Work request - Copy the lines below word for word, skipping any image.

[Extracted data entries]
◆ ◆ ◆ ◆

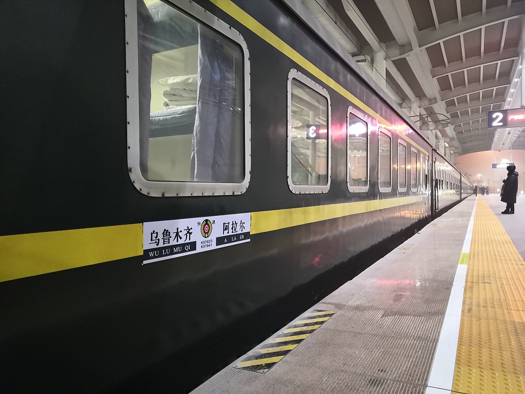 2022年1月10日,新疆,阿克苏至阿拉尔铁路开通运营。1月8日10时整,首张阿克苏至阿拉尔火车票出炉!按照全国铁路调整列车运行图的统一安排,新疆铁路于1月10日开通运营阿克苏至阿拉尔铁路。图片来源:视觉中国
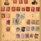 World stamps, an early album plus loose sorted into envelopes with Great Britain 1924 Wembley mint block, France, Switzerland from imperfs, and a few covers with airmail stamps.
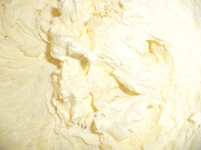 Для крема растереть размягчённое сливочное масло с сахарной пудрой.
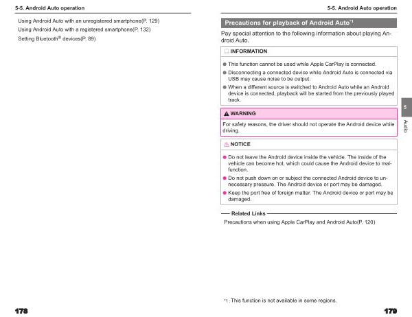 Related Links Precautions when using Apple CarPlay and Android Auto ( P . 120 )
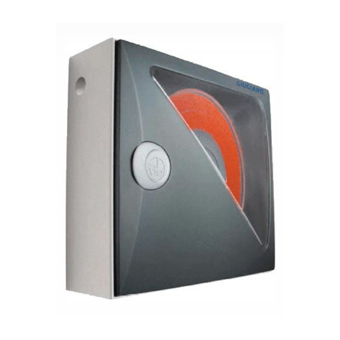 Descrizione : Naspo a parete con cassetta a bordi arrotondati “Giugiaro Design” in acciaio al carbonio verniciato in poliestere grigio RAL7035.
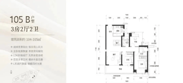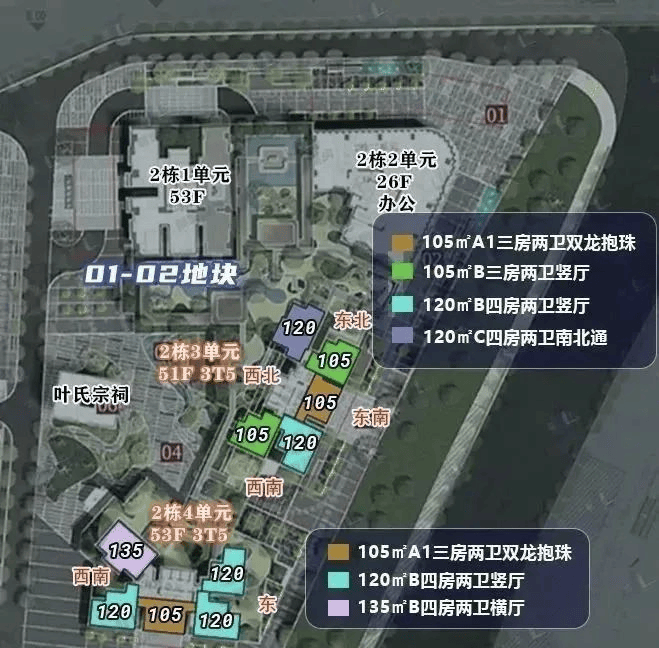 105㎡有两个户型,分别为A1双龙抱珠以及B户型传统竖厅
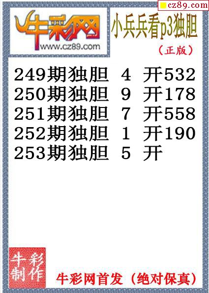 小兵兵獨膽253期體彩P3圖謎(原創)
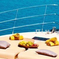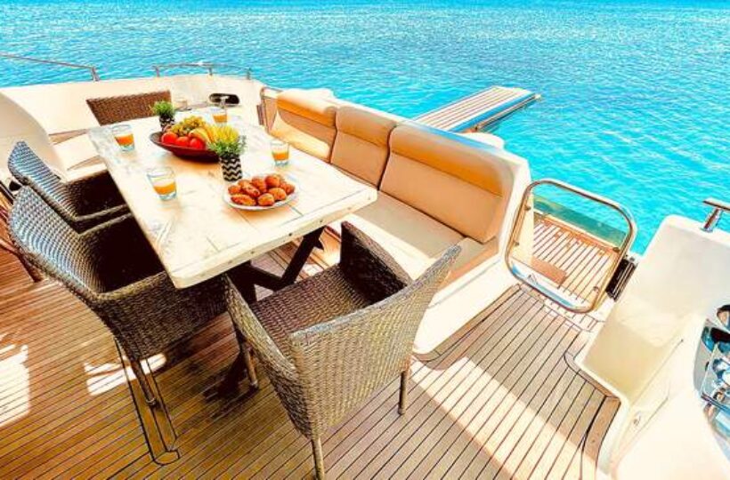 A full-style Italian Flybridge cruiser with all the features from the largest manufacturer in the world, is available for crewed charters.

◆ ◆ ◆ ◆

Completed task -
 2022年1月10日,新疆,阿克苏至阿拉尔铁路开通运营。1月8日10时整,首张阿克苏至阿拉尔火车票出炉!按照全国铁路调整列车运行图的统一安排,新疆铁路于1月10日开通运营阿克苏至阿拉尔铁路。图片来源:视觉中国
 World stamps, an early album plus loose sorted into envelopes with Great Britain 1924 Wembley mint block, France, Switzerland from imperfs, and a few covers with airmail stamps.
 Для крема растереть размягчённое сливочное масло с сахарной пудрой.
 Related Links Precautions when using Apple CarPlay and Android Auto ( P . 120 )
 Descrizione : Naspo a parete con cassetta a bordi arrotondati “Giugiaro Design” in acciaio al carbonio verniciato in poliestere grigio RAL7035.
 105㎡有两个户型,分别为A1双龙抱珠以及B户型传统竖厅
 小兵兵獨膽253期體彩P3圖謎(原創)
 A full-style Italian Flybridge cruiser with all the features from the largest manufacturer in the world, is available for crewed charters.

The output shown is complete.